Through the process of awarding badges, points and achievement levels, gamification gives agents an opportunity to show their achievements and compete as individuals and part of the team.

The goals in mind are set by the business, and these require a great deal of thought, as any agent behaviours and actions must be closely aligned with where the business wants to go.

1. Risk

Gamification is an area of potential risk for businesses: taking a simple example, rewarding agents based upon average call handling time so as to reduce cost could obviously lead to them dropping difficult calls or not answering customers fully in order to meet these targets.

There is also a risk that the novelty of games will wear off, with rewards having to have a higher and higher tangible monetary value in order to keep people’s motivation, so ongoing efforts must be made by management to keep games fresh and goals relevant.

2. Teamwork

It is important to note that gamification, while providing feedback and rewards to agents on an individual level, should be used as part of a team or community experience. This will help to encourage high-performing agents to share their best practice and for all agents to be continually challenged and pushed to learn new skills and improve their own performance.

3. Revenue vs. Training

Contact centres that use gamification frequently report that most agents go beyond the required training schedule, completing extra units and developing skills further in order to accumulate more points and badges.

In a heavily incentivised sales environment, encouraging agents to take time off revenue generating activity to take training can be difficult, and this is a potential solution.

4. Immediate Feedback

Gamification is shown to increase agent engagement through providing immediate feedback to the agent, who does not have to wait until the scheduled supervisory review to see how they are doing.

5. Improved Loyalty

Through the pooling of knowledge and collaboration within a group in order to achieve specific goals for which all will be rewarded.

6. Improved Speed of Up-Skilling Agents

Cut down on the amount of time required for new agents to become competent, providing real-time feedback in order to encourage positive behaviours.

7. Reduced Management Time

Through running incentive programmes, gamification helps deliver them with minimal management overhead once objectives and goals have been set.

8. Fair and Objective Focus

Reward those characteristics and behaviours that are most closely aligned with the contact centre’s and enterprise’s own requirements.

This final point – encouraging agents to do what benefits the business – is a key purpose for gamification.

Gamification can help businesses to support their objectives and to achieve specific results.

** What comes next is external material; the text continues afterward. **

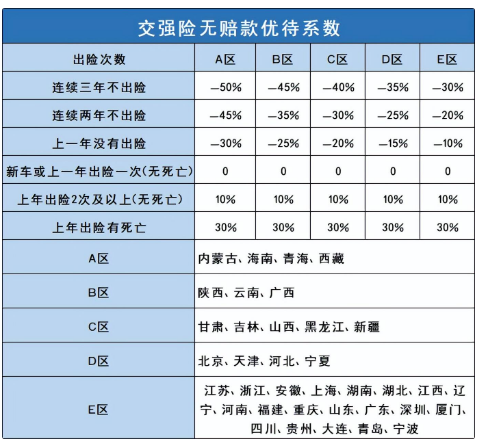 以E区的上海为例,一辆6座以下的家庭自用车,连续三年不出险,最多能优惠30%,为665元;6座以上则能降到770元。

For example, steps to make gamification assist with achieving a company’s business priorities could include:

  • Clarifying the enterprise’s objectives
  • Identifying contact centre metrics that directly impact upon these objectives
  • Identifying the agent characteristics, behaviour and actions that impact these metrics the most
  • Developing a gamification strategy that can measure and improve these metrics, through motivating the agents to act in ways that support this goal
Colin Campbell

Colin Campbell

For businesses that want to achieve specific results, gamification can assist through:

  • Increasing the skills and competencies of new agents more rapidly, decreasing time to productivity by switching from formal, classroom lecture-based training into structured real-life work tasks
  • Further developing the skills of agents through encouraging and rewarding the completion of extra training courses and activities beyond what is required
  • Improving agent retention through increasing agent engagement, and recognising and rewarding positive behaviours and characteristics.